What can you do to counter this reality?
Multiple respiratory rehabilitation programs, whether in the community, in specialized centers or in the home, need to be introduced with an easier access, which will lead to the integration of a larger number of patients.
To combat this deficit, an innovative respiratory rehabilitation program was conducted a year and a half ago; this is why the first Rehabilitation Program for domestic respirators in Portugal. Inspired by Living well with COPD (Psychiatric disorders with COPD) Praxair (home respiratory care) has created a rehabilitation COPD that takes care of individuals with COPD around their home and the usual life.
How does this rehabilitation program work and what is your success?
(JC): The COPD rehabilitation consists of undertaking respiratory rehabilitation in the patient's home with the clear advantage of not having to go to a hospital, performing various exercises in the surroundings where he lives and learning to manage disease-related restrictions in their daily surroundings.

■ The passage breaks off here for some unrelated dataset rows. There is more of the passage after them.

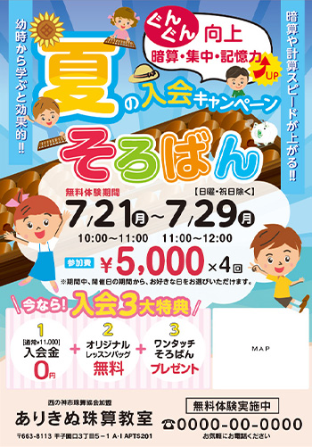 そろばん教室チラシ テンプレート番号:tem0003 ◆基本テンプレート お見積り依頼する場合は下記フォームにご入力ください。 後ほど、お見積りとデザインのご希望・掲載内容のお伺いを当店よりメール送信させていただきます。 当店のご利用について はじめての利用2回以上利用 必要なお見積り チラシ無し100部200部300部400部500部600部700部800部900部1,000部1,100部1,200部1,300部1,400部1,500部1,600部1,700部1,800部1,900部2,000部2,500部3,000部3,500部4,000部4,500部5,000部 納期 —以下から選択してください—通常短納期(追加料金) 印刷する面 —以下から選択してください—片面両面 デザインオプション 写真の美肌加工【無料】簡易地図作成【2000円】 印刷部数必須 10部20部30部40部50部60部70部80部90部100部200部300部400部500部600部700部800部900部1,000部1,100部1,200部1,300部1,400部1,500部1,600部1,700部1,800部1,900部2,000部2,500部3,000部3,500部4,000部4,500部5,000部 用紙の手触り必須 マット(しっとり)コート(光沢あり) 用紙の厚み必須 通常の厚み120%アップを希望【追加料金】 一般的には通常の厚みで問題ありませんが、しっかりした印象を与えたい場合は、厚みのアップをお勧めしています 担当者お名前必須 会社名 メールアドレス必須 電話番号必須 住所 郵便番号※半角入力で住所を自動入力 都道府県 市町村 番地・建物名など お問合せがあればご記入ください your message here ... 必ずチェックを入れてから送信してください このフィールドは空のままにしてください。 Δ テンプレート番号:tem0003
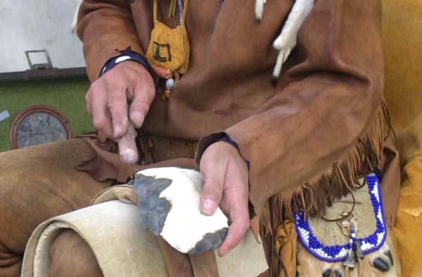| Showing how it is done. The pieces are knocked off fracturing the flint with a mandrel. Several mandrels of different hardness and weight are used. | |
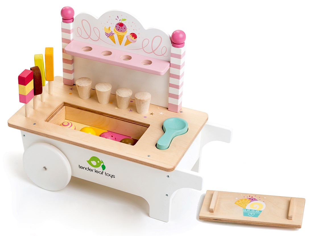 Uhm så er det tid til lækre is. Kom og køb. Hvad skulle det være?En chokoladeis og en vaffel med ananas-isOkay. Ja så gerne.Med denne fine isvogn kan dit barn lege issælger og lange både ispinde og vaffelis over disken.Vognen er oplagt til leg med flere børn, hvor ungerne kan øve sig i at skiftes til at være sælger og issulten kunde.I kan også træne talforståelse, når dit barn skal finde på nogle skarpe priser på sine is.Fremstillet bæredygtigt af træ fra træer, der er blevet til overs i latexindustrien. Isvognen kommer med:4 legemad is i træ4 lækre vafler4 kugler til vaflerne - sidder fast til vaflerne med magneter2 bægre til de kunder, der ikke så godt kan lide vaflerIs-ske (har også magnet i). Det lækre design har vundet flere internationale priser: Tillywig Award Winner 2018 Junior Design Awards 2018, Silver Medal for Best Toy Design 3-5 Years.

It is an alternative and complement to existing solutions, with the right to highly specialized team, home personalized intervention, 24-hour phone line, flexibility of the schedule, involvement of close family members and adaptation to housing conditions.

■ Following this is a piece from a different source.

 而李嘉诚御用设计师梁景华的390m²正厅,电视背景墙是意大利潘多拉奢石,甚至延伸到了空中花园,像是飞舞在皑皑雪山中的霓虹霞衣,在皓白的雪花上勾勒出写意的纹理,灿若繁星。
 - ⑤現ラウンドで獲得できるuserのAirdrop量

The interdisciplinary team consists of a pulmonologist, rehabilitation nurses, physiotherapists, psychologists, nutritionists and pharmacists, whose roles are well defined for the recovery of a person with COPD. It is a program of reliability, efficiency and demonstrated quality that operates on continental national territory.
The results of the program are very promising, with all patients in the program clearly improving their physical capacity, better knowledge of their disease and their health, promoting self-management of the pathology and solving the difficulties imposed by the disease. These achievements result in increased quality of life, reduced exacerbations and reduced dependence on health care.

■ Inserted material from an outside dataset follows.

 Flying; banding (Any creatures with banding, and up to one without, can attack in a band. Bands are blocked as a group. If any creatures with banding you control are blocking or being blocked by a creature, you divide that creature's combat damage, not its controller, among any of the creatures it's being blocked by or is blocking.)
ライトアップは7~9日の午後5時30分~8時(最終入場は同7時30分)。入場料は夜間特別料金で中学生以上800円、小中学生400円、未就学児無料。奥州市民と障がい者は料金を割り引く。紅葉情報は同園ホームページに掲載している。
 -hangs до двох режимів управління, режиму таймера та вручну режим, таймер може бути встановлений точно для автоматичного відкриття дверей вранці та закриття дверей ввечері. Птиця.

What is the significance of this world day?
(SS): A ZLAT (Global Initiative for Chronic Obstructive Pulmonary Disease) determined since 2002 that the third Wednesday in November is dedicated to chronic obstructive pulmonary disease with publicity and education activities this year under the topic It's never too early, it's never too late It's never too early, it's never too late.
Noting this day is important because it draws attention to the disease that is predicted to be the third leading cause of death in the world over the next two years. Continuing to focus on strategies to prevent risk factors and promote a healthy lifestyle is essential if the incidence and prevalence of COPD should be reduced in the future. But it is also important to continue focusing on early diagnostic strategies (hence access to spirometry is fundamental) as well as accessibility strategies to existing treatments, including respiratory rehabilitation.